[Task instructions]: Write out exactly, and only, the lines below from the line with "关于强电和弱电的区别及设计要" through the line with "相关链接→麦迪:难道给我个奥尼尔我不能带湖人夺冠?我只是从未得到机会"; pictures do not belong in the copy.

[Provided information]:
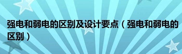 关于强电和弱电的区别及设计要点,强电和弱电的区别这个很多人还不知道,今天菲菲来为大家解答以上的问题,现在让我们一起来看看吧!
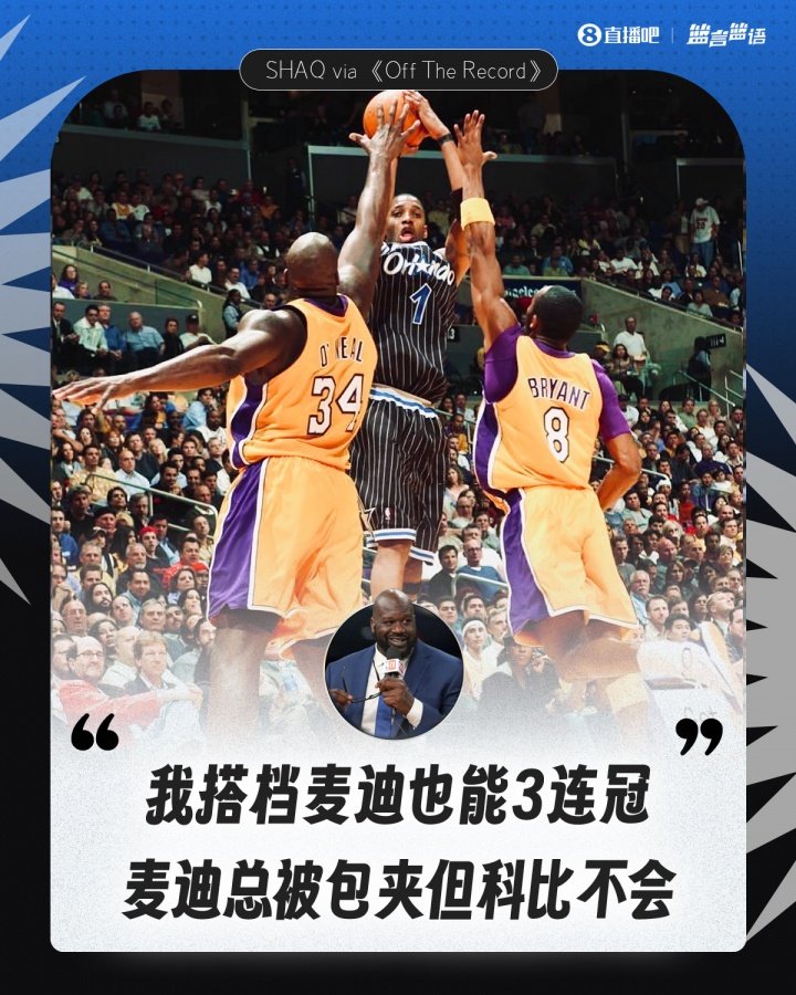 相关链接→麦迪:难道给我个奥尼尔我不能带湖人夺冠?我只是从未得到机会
==
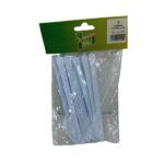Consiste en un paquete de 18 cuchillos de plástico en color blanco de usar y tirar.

[Solution]:
 关于强电和弱电的区别及设计要点,强电和弱电的区别这个很多人还不知道,今天菲菲来为大家解答以上的问题,现在让我们一起来看看吧!
 相关链接→麦迪:难道给我个奥尼尔我不能带湖人夺冠?我只是从未得到机会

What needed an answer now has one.